Seit eBay sich mit PayPal zusammengetan hat, sind viele E-Commerce-Unternehmen Partnerschaften eingegangen oder haben zusätzliche Firmen erworben, um ihr Geschäftsmodell zu diversifizieren oder anderweitig zu verbessern. Und es gibt keine Anzeichen dafür, dass diese Praxis aufhören wird. So hat beispielsweise Amazon den Naturkosthändler Whole Foods übernommen, und der Einzelhandelsriese Walmart kaufte Flipkart für 16 Milliarden Dollar auf.

Die Corona-Pandemie ab 2019 beeinflusste den weltweiten E-Commerce sehr stark. Die Zahl der Online-Einkäufe stieg rasant weiter an, das Kaufverhalten änderte sich und Online-Marktplätze sowie die digitale Präsenz von Unternehmen gewannen weiter an Bedeutung. Gleichzeitig führte die gestiegene Nachfrage zu logistischen Herausforderungen. Insgesamt gewann der Online-Handel zwischen Unternehmen und mit den Endkonsumenten in dieser Zeit massiv an Bedeutung.

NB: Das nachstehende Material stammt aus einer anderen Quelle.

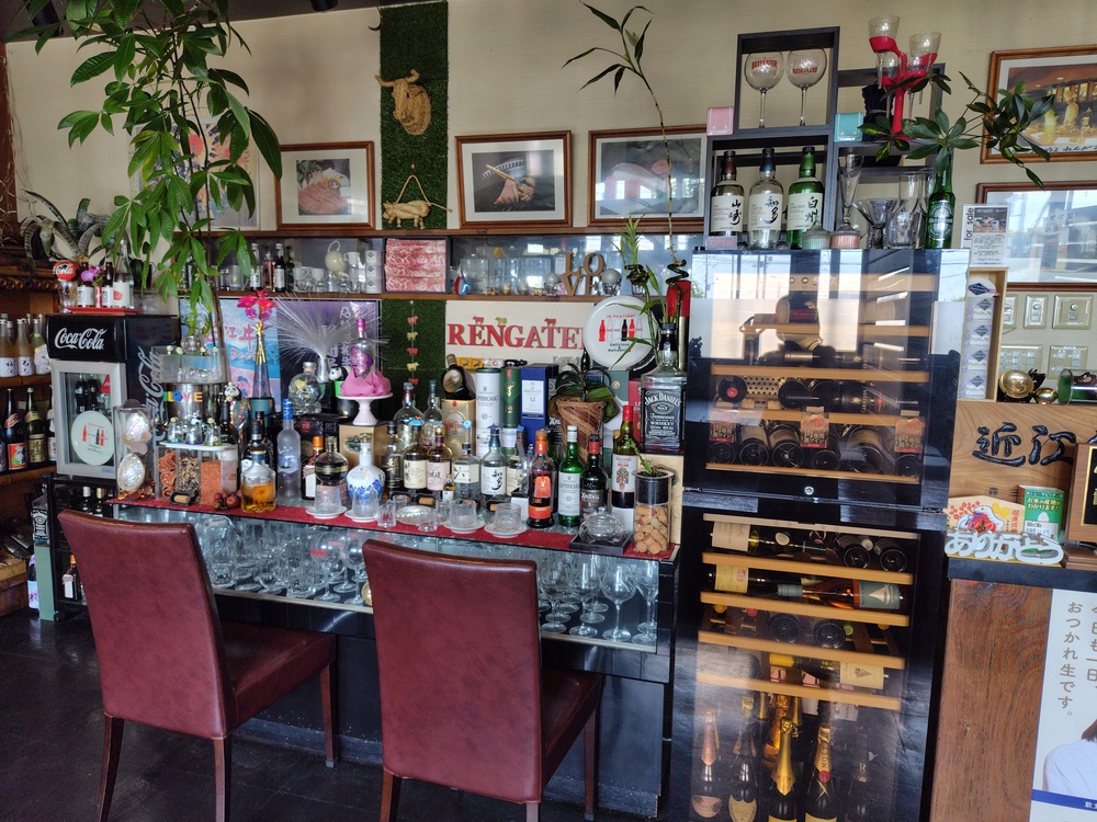 お店ではお酒も楽しめるようで、ワインセラーやたくさんのお酒、お酒を飲むグラスが置いてありました。こんな趣のある空間でお肉を食べながらお酒を飲むのも楽しそうですね。

Die Geschichte des E-Commerce trifft auf die Zukunft des Handels

Diese Veränderungen in der E-Commerce-Branche haben dazu geführt, dass große Einzelhändler heute den Online-Verkauf weiter vorantreiben und selbst kleine, lokale Unternehmen zunehmend auf digitale Methoden setzen, um ihr Geschäft zu beflügeln.

Da sich die Kaufgewohnheiten sowohl der Verbraucherschaft als auch der Unternehmen geändert haben, musste sich der Handel an die neue Situation anpassen und nutzt nun Künstliche Intelligenz (KI) und Automatisierung im E-Commerce.

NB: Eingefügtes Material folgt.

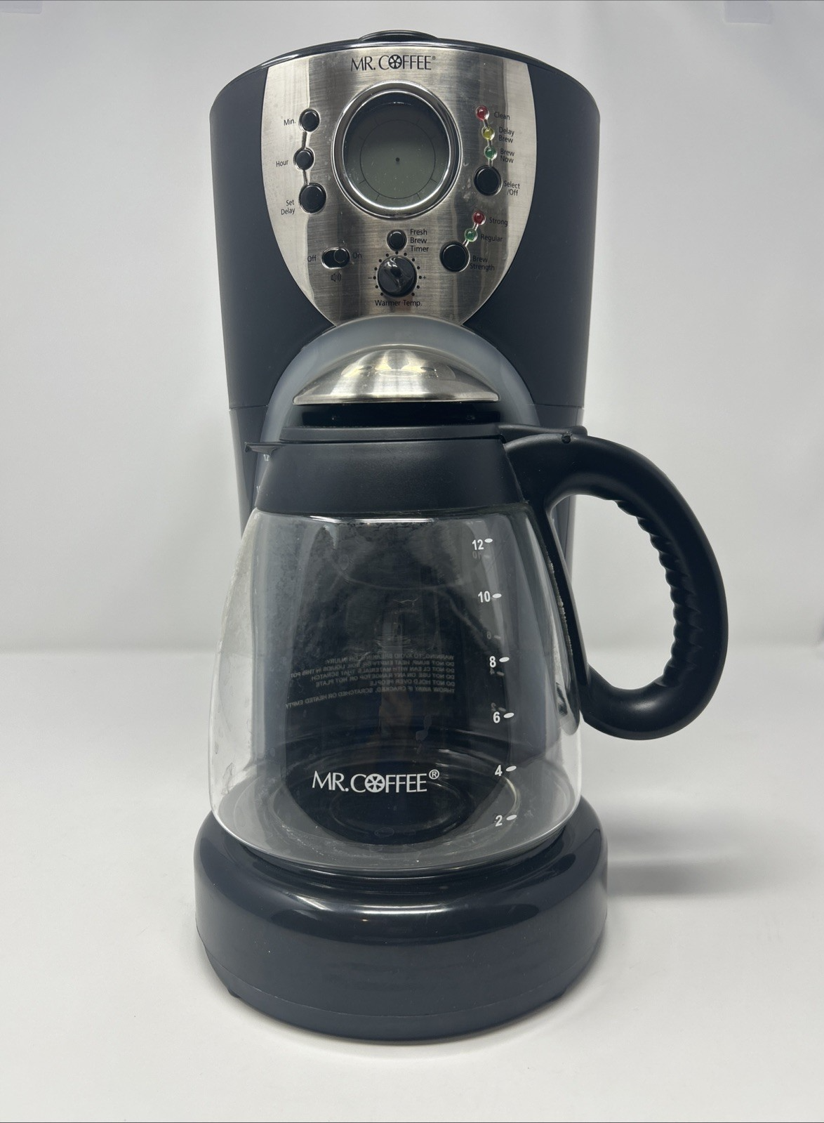 The Mr. Coffee 12 Cup Coffee Maker is a convenient and efficient electric coffee maker that brews multiple cups of coffee at once. With a timer feature, you can easily set it to start brewing at a specific time. The black plastic and stainless steel construction ensures durability and longevity in your kitchen. Perfect for home use, this Mr. Coffee coffee maker is a reliable and practical addition to any household.

Erklärtes Ziel ist, Kundschaft und Interessenten dort abzuholen, wo sie sich gerade auf ihrer Customer Journey befinden. Allerdings wird jeder, der im E-Commerce tätig ist, sich ebenfalls um diese möglichen Kundinnen und Kunden bemühen und seine Taktiken entsprechend anpassen, um dadurch mehr Umsatz zu erzielen. Innovationen treiben also die Entwicklung permanent weiter voran.

Wenn uns die (relativ kurze) Geschichte des E-Commerce etwas gelehrt hat, dann dies: Der Online-Handel hat sich stets in rasantem Tempo voran bewegt und nimmt einen immer größeren Anteil am Geschäft in nahezu allen Branchen ein.

Effiziente, bequeme und personalisierte Erlebnisse mit hochentwickelten Tools werden deshalb auch in Zukunft das Gebot der Stunde sein. Unabhängig davon, für welche Trends sich Ihr Unternehmen entscheidet, sollten Sie sicherstellen, dass ihre Arbeit immer zielgerichtet ist und auf eine nahtlose und ansprechende Customer Experience (CX) für alle abzielt.